Input records —
^^^^
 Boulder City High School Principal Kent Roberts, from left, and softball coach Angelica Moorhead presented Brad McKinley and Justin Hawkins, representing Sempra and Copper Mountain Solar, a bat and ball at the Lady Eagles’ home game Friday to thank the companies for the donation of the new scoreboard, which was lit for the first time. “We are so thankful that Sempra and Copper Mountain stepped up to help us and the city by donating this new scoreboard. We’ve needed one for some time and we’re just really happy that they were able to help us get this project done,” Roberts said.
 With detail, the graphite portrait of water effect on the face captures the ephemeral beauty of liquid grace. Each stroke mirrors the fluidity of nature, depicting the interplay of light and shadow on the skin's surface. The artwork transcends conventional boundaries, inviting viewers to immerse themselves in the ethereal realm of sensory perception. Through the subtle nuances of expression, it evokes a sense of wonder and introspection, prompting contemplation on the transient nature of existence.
^^^^
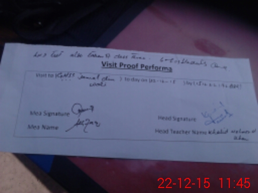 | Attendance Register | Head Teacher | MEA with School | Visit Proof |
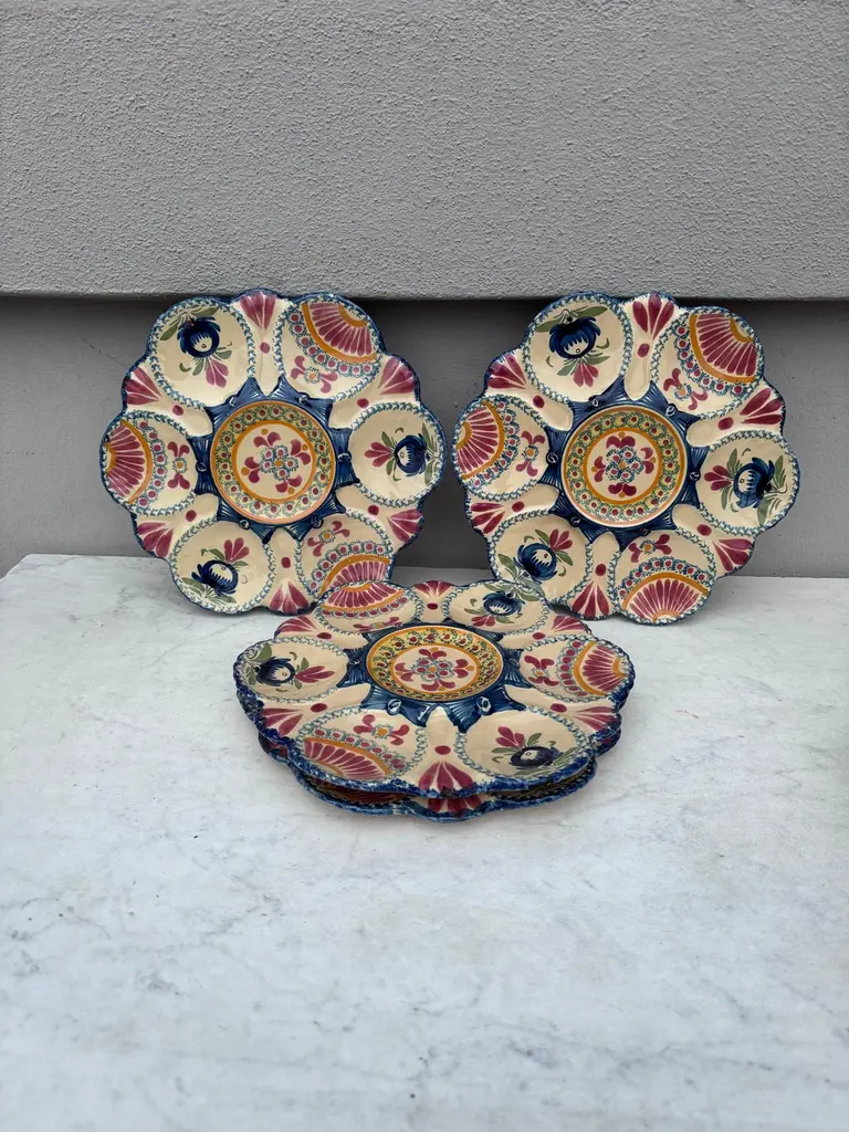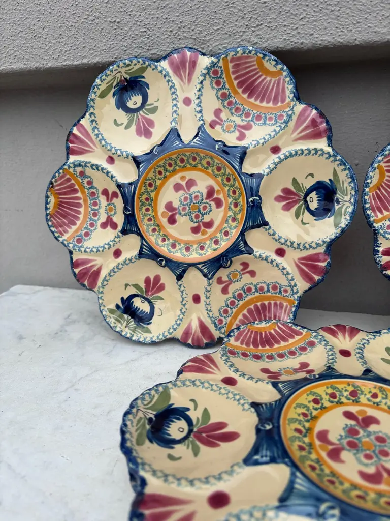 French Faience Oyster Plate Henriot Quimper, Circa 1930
^^^^
Work instructions — Beginning with the line above that contains "Visit Proof |" and finishing with the line that contains "French Faience Oyster", print those lines exactly and only. Skip all pictures.

Task response —
 | Attendance Register | Head Teacher | MEA with School | Visit Proof |
 French Faience Oyster Plate Henriot Quimper, Circa 1930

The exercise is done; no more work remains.